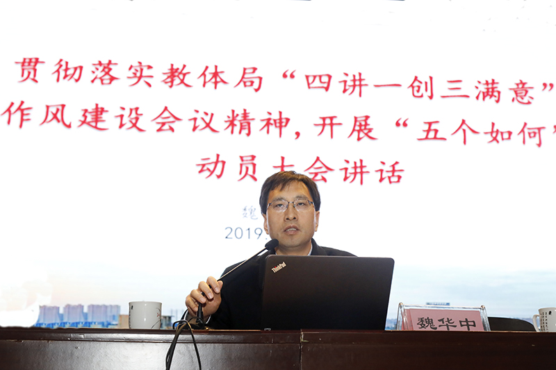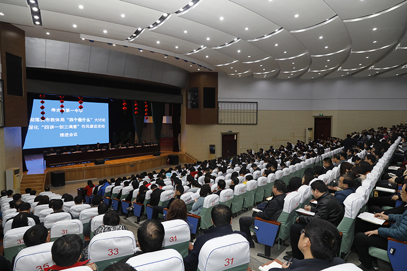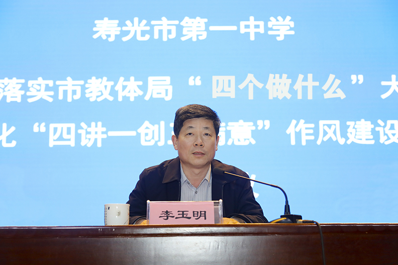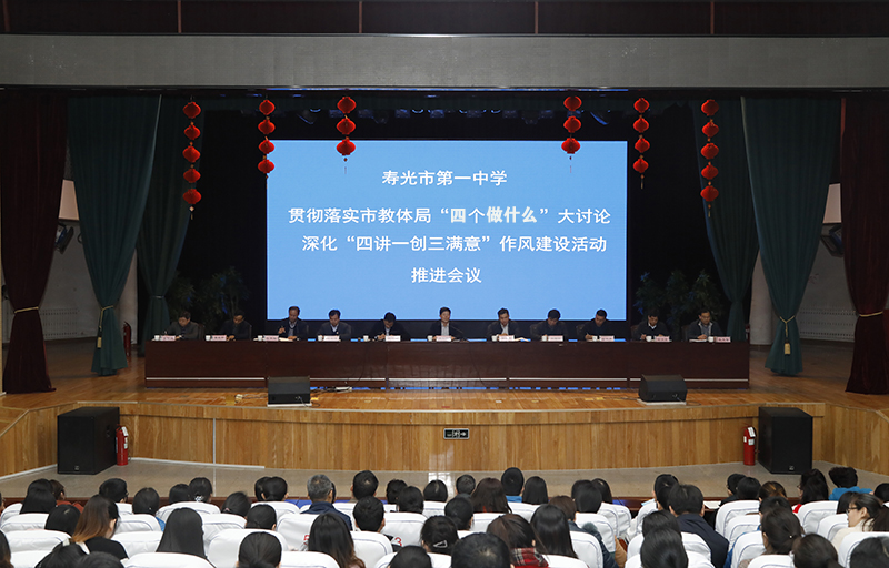 3月29日下午,我校召开贯彻落实市教体局“四个做什么”大讨论活动暨深化“四讲一创三满意”作风建设活动动员大会,动员全校教职员工迅速统一思想,以问题为导向,狠抓整改,全力做好“五个如何”,推动干部教师思想大解放,作风大转变,效率大提升。市教体局党组书记、局长李玉明出席会议并讲话。我校全体教职员工参加会议,?学校党委委员张丰辉主持会议。
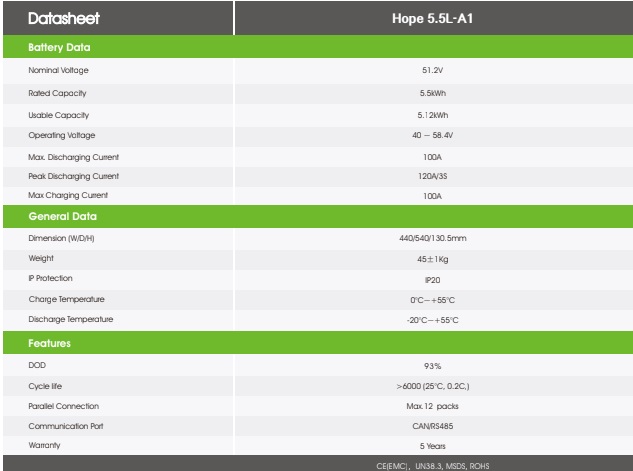 Batería de Litio (LiFePo4) Growatt 5.5kWh 51,2 V (106Ah) hasta 93% DOD; 6000 Ciclos a 25°C 0,2C –
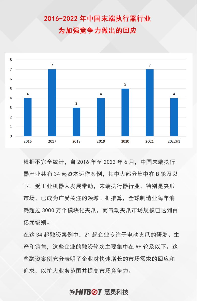 根據不完全統計,自2016年至2022年6月,中國末端執行器產業共有34起資本運作案例,其中大部分集中在B輪及以下。受工業機器人發展帶動,末端執行器行業,特別是夾爪市場,已成為廣受關注的領域。據推算,全球制造業每年消耗超過3000萬個模塊化夾爪,而氣動夾爪市場規模已達到百億元級別。
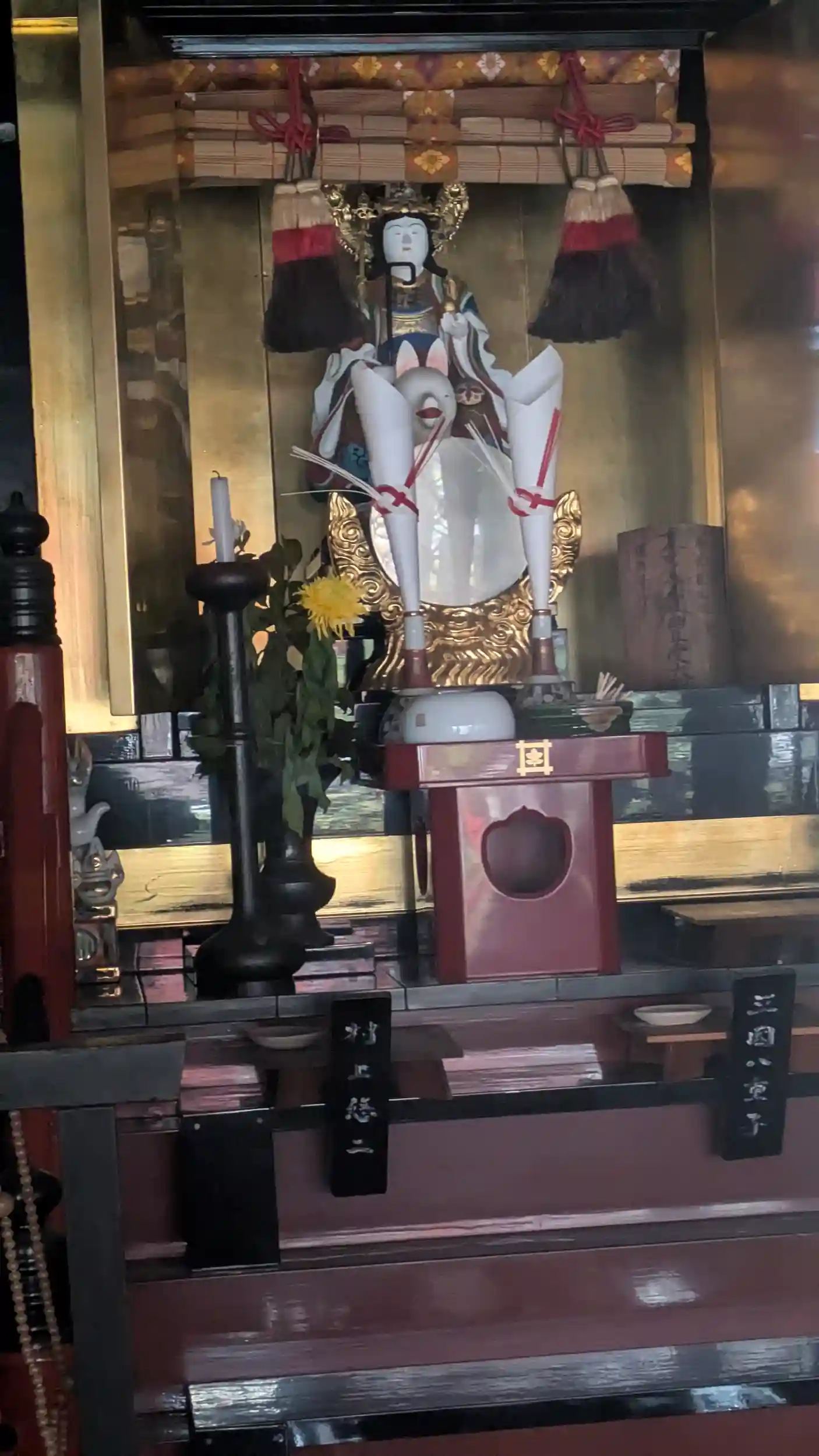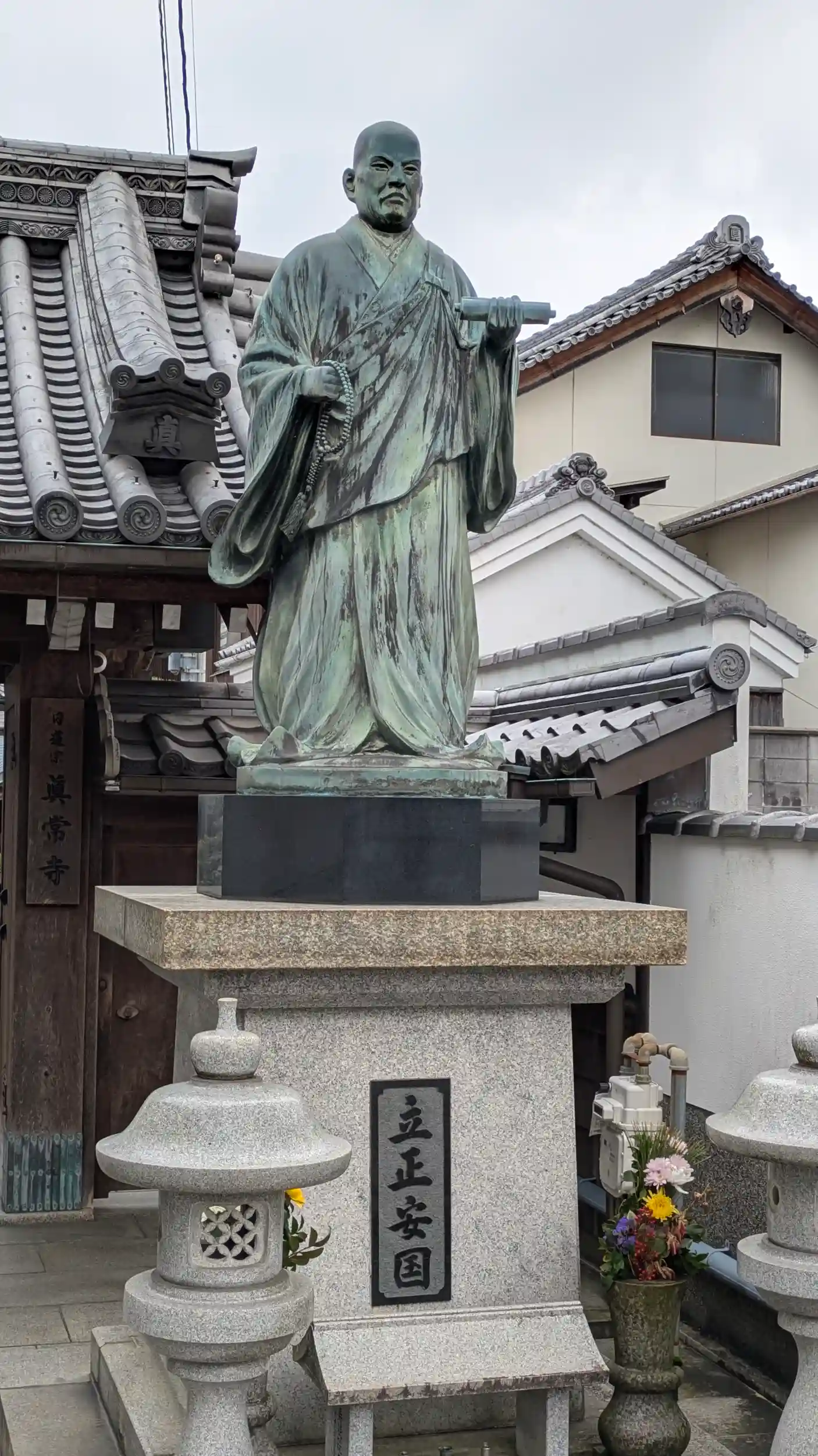 GoogleMapに騙され、大龍大明神の居た路地から戻り北へ向かうと通り沿いに山門がありました・・・なぜ路地に・・・龍神様のお導きか?などと思いつつ境内へ。山門前にはちょっとシュッとした日蓮聖人像だなぁと思いつつ境内へ。山門入ってすぐ左には最上稲荷😲日蓮宗寺院でもなかなかお目に掛かることが無いのですが久しぶりに拝見しました😊堂内には命婦様に跨る稲荷さん(荼枳尼天)のお姿も😊お隣には三社宮。妙見さんと何だろう?七面宮?鬼子母神?など考えながらこちらもお詣りさせていただき、本堂前へ。合掌し御題目を唱えて庫裏へ。ご住職が居られて御首題をお願いすると書きますが書置きもありますがとのこと。どういうことだろうかと伺ったら日像上人の絵入りの御首題があるとのこと。これも御縁とせっかくなので書置きをいただきました😊そして山門の像が日蓮聖人でなく日像上人であることが判明😅なるほど納得です。お話を伺うと日像上人により改宗された縁故寺院とのこと。大津は京への玄関口ですもんねぇ😅どうやら滋賀県には日像上人ゆかりの寺院がちょこちょこあるらしいです。そしてもう一つ気になった三社宮についてお聞きすると、妙見宮、清正公、三十番神の三社だそう😲妙見さんしか当たらずでした😅

____________________

* Aim of the task *
Exactly as written, restate the listing above with its pictures omitted.

* Response *
 3月29日下午,我校召开贯彻落实市教体局“四个做什么”大讨论活动暨深化“四讲一创三满意”作风建设活动动员大会,动员全校教职员工迅速统一思想,以问题为导向,狠抓整改,全力做好“五个如何”,推动干部教师思想大解放,作风大转变,效率大提升。市教体局党组书记、局长李玉明出席会议并讲话。我校全体教职员工参加会议,?学校党委委员张丰辉主持会议。
 Batería de Litio (LiFePo4) Growatt 5.5kWh 51,2 V (106Ah) hasta 93% DOD; 6000 Ciclos a 25°C 0,2C –
 根據不完全統計,自2016年至2022年6月,中國末端執行器產業共有34起資本運作案例,其中大部分集中在B輪及以下。受工業機器人發展帶動,末端執行器行業,特別是夾爪市場,已成為廣受關注的領域。據推算,全球制造業每年消耗超過3000萬個模塊化夾爪,而氣動夾爪市場規模已達到百億元級別。
 GoogleMapに騙され、大龍大明神の居た路地から戻り北へ向かうと通り沿いに山門がありました・・・なぜ路地に・・・龍神様のお導きか?などと思いつつ境内へ。山門前にはちょっとシュッとした日蓮聖人像だなぁと思いつつ境内へ。山門入ってすぐ左には最上稲荷😲日蓮宗寺院でもなかなかお目に掛かることが無いのですが久しぶりに拝見しました😊堂内には命婦様に跨る稲荷さん(荼枳尼天)のお姿も😊お隣には三社宮。妙見さんと何だろう?七面宮?鬼子母神?など考えながらこちらもお詣りさせていただき、本堂前へ。合掌し御題目を唱えて庫裏へ。ご住職が居られて御首題をお願いすると書きますが書置きもありますがとのこと。どういうことだろうかと伺ったら日像上人の絵入りの御首題があるとのこと。これも御縁とせっかくなので書置きをいただきました😊そして山門の像が日蓮聖人でなく日像上人であることが判明😅なるほど納得です。お話を伺うと日像上人により改宗された縁故寺院とのこと。大津は京への玄関口ですもんねぇ😅どうやら滋賀県には日像上人ゆかりの寺院がちょこちょこあるらしいです。そしてもう一つ気になった三社宮についてお聞きすると、妙見宮、清正公、三十番神の三社だそう😲妙見さんしか当たらずでした😅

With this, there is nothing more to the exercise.